Era una reunión familiar, pero no de las que desbordan alegría. Brendan era el único que parecía contento. Michael estaba a un lado, apoyado en la cómoda, cabizbajo y meditabundo. Observaba el anillo estudiantil de Wendell, al que no dejaba de dar vueltas como si fuera un rosario. He visto cosas parecidas en tenistas profesionales que se quedan mirando las cuerdas de la raqueta para concentrarse. Su camiseta, los tejanos sucios y las botas salpicadas de barro me indicaron que no había pasado por la ducha al volver del trabajo. Todavía se le notaba en el pelo la huella circular que le había dejado el casco. Lo más seguro es que Wendell hubiera estado esperando hasta que lo había visto llegar.

Juliet estaba en la cabecera de la cama y, enfundada en los tejanos de pernera recortada y la camiseta de tirantes, parecía encogida y en tensión. Iba descalza y se abrazaba las piernas. Se mantenía al margen de la situación, para que ésta se desarrollara por sí sola. No había más luz que una lámpara de mesa que parecía haber sido importada del cuarto donde Juliet había dormido de pequeña. La pantalla era de tela con frunces, de color púrpura. En la base había una muñeca de falda almidonada de color rosa, brazos extendidos y tórax conectado a la lámpara mediante un cable. En vez de boca tenía un capullo y las pestañas formaban una espesa cortinilla encima de unos ojos que se abrían y cerraban automáticamente. La bombilla no tendría más de cuarenta vatios, pero la habitación parecía caldeada con su luz ambiental.
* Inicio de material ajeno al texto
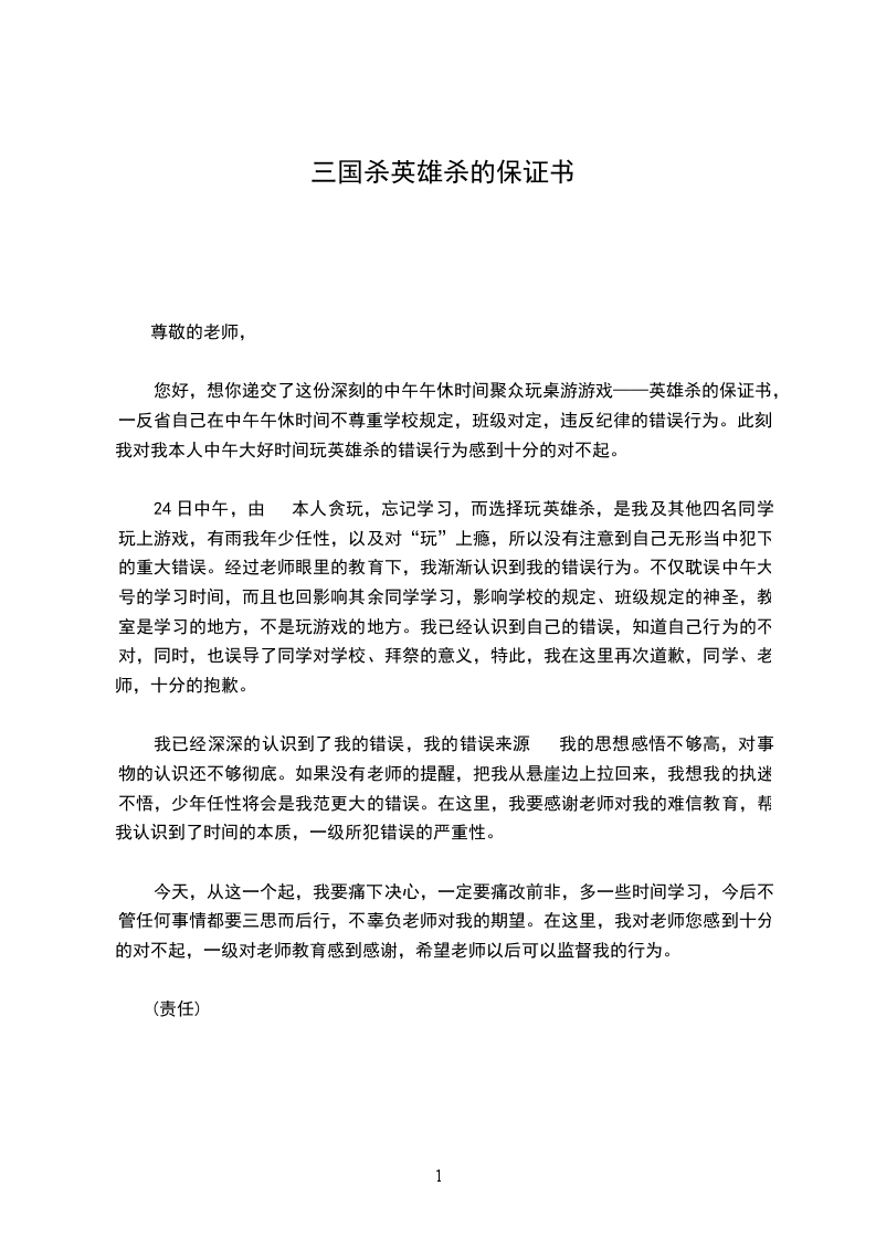 您好,想你递交了这份深刻的中午午休时间聚众玩桌游游戏——英雄杀的保证书,一反省自己在中午午休时间不尊重学校规定,班级对定,违反纪律的错误行为。此刻,我对我本人中午大好时间玩英雄杀的错误行为感到十分的对不起。

Los rasgos de Juliet eran un mar de contrastes, una mejilla púrpura, la otra sumida en sombras. La cara de Wendell parecía un busto de madera esculpido a martillazos. Estaba ojeroso y las aletas de la nariz le brillaban allí donde se le había intervenido quirúrgicamente. Michael, por su lado, parecía un ángel de piedra, frío y sensual. Tenía los ojos brillantes y su complexión, alta y desgarbada, reflejaba la de su padre, aunque Wendell era más robusto y carecía de la gracia del hijo. Los tres parecían congelados en una especie de cuadro vivo, igual que esas imágenes que los psiquiatras ponen ante los pacientes para que éstos las interpreten a su aire.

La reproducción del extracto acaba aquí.